The contract should also specify whether you'll have to reimburse the attorney's costs in addition to the flat or hourly fee. It may state the billing schedule (for example, that you pay an up-front retainer of several thousand dollars against which hourly fees are charged; when the retainer is used up, you start paying monthly bills), and whether and how much interest will be charged on unpaid balances.
Make sure the attorney is your representative. The agreement should also define exactly whose interests the attorney is looking out for. Theoretically, all parties to the transaction (i.e., each individual partner or shareholder of the business being sold and each individual purchaser, plus the business entity itself if incorporated) should have a separate attorney. Obviously, this can get very expensive and impractical if there are a number of shareholders, so many attorneys will agree to represent more than one party if proper waivers are signed.
For example, the attorney may agree to represent you individually as majority shareholder and to represent your corporation as well, provided you sign a disclosure document. The document will state that you recognize the potential differences between your interests and those of your company, but you agree to the dual representation anyway.
However, we don't advise that you go so far as to have only one attorney representing both the buyer and the seller — that situation presents a real conflict of interest, rather than just a potential difference. Few attorneys would agree to such representation anyway. Any time there is a real conflict of interest, the parties in conflict should retain separate counsel (for example, if some shareholders want to sell but others do not).

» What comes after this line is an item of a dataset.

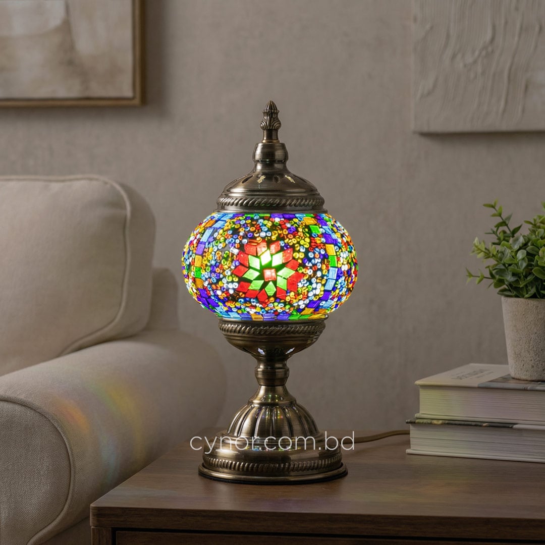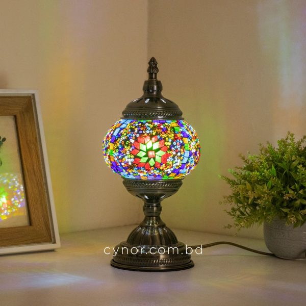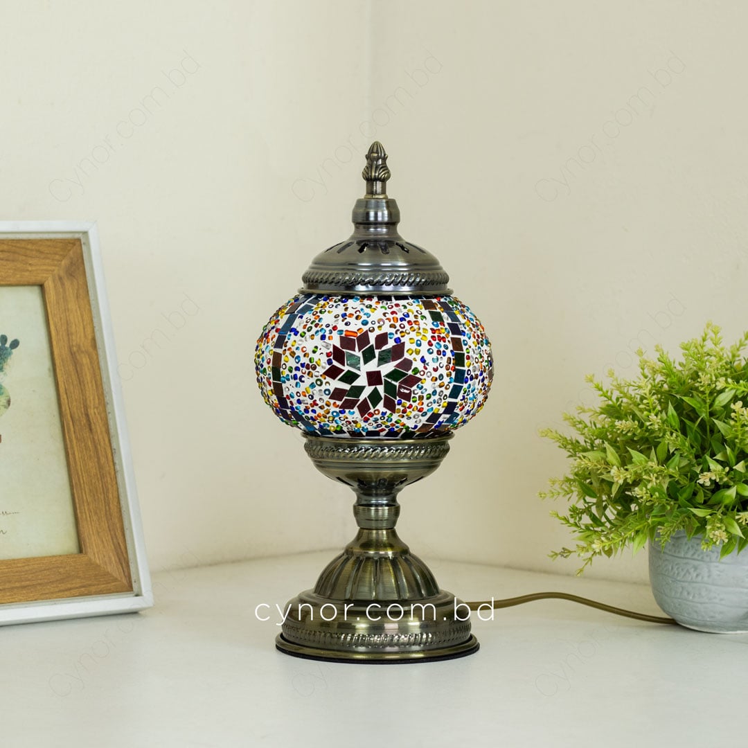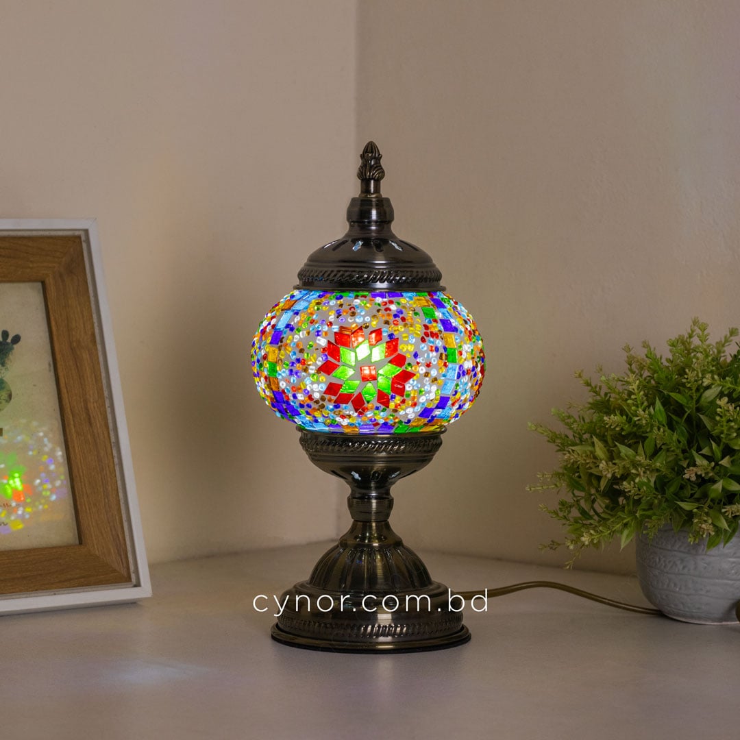 Bring timeless elegance and warm ambiance to your space with this beautifully crafted Turkish inspired mosaic table lamp. Featuring a sturdy metal body and vibrant multicolor glass mosaic stones, this lamp reflects traditional Turkish artistry while blending effortlessly with modern and classic interiors. When illuminated, the mosaic glass creates a soft, colorful glow that enhances the mood of any room.

Using a business broker can improve sale prospects
You don't need to list your business with a business broker or agent in order to sell it. You may already have a good idea as to who the likely purchaser of your company would be — perhaps a key employee or a relative — in which case the marketing power of a broker won't be necessary. You may have gotten unsolicited offers to purchase your business. Or, you might decide to place ads yourself in the business opportunities sections of several newspapers or trade publications, to see if you can find a buyer without having to pay a broker's commission.
However, if you don't already have a buyer lined up, it's likely that you can benefit greatly from increased exposure to a large pool of potential buyers. A business broker can provide this for you. A broker can contact likely purchasers (including competitors, suppliers, major customers, and investors known to the broker) directly and tell them the key facts about your business, without "naming names" until the contact has shown definite interest.
The broker can also screen interested parties for financial ability and other criteria that you specify, so you won't waste time talking to unqualified buyers. Perhaps even more important, a broker can guide you through the process of selling based on experience gained from many similar transactions.
Match type of broker to size of business
The type of broker you select will largely depend upon the size of your business. Because brokers are compensated based on a percentage of the sales price, if your business is very small businesses, you may find it hard to locate one willing to take on the listing. Instead, you'll have to try to locate a prospective buyer on your own, or sell off your assets as best you can. You may also find a real estate agent who does business brokerage as a sideline and may be are willing to take on a smaller listing.
As a general rule, business brokers are interested in listing companies valued at more than several hundred thousand dollars, although the cutoff point varies throughout the country. If your business is worth more than one million dollars, you may want to hire a mergers and acquisitions intermediary — a more sophisticated type of agent who functions as a consultant for both buyers and sellers and whose organization may even have in-house valuation specialists and financing available.
Interview the prospective broker about recent sales he or she has handled, and ask for the names of satisfied clients you can contact. Make sure you follow up on these references.
Carefully review fees and listing agreements
The main drawback to using a broker or other agent is the fee, which may be as high as 10-12 percent of the sales price for smaller businesses. Businesses over $1 million may be charged using a formula, such as "5 percent of the sales price up to $1 million; 4 percent of the sales price between $1 million and $2 million; and 3 percent of any sales price above $2 million." A mergers and acquisitions professional may also charge you for costs and expenses, and you may have to agree to pay a minimum fee whatever the sales price.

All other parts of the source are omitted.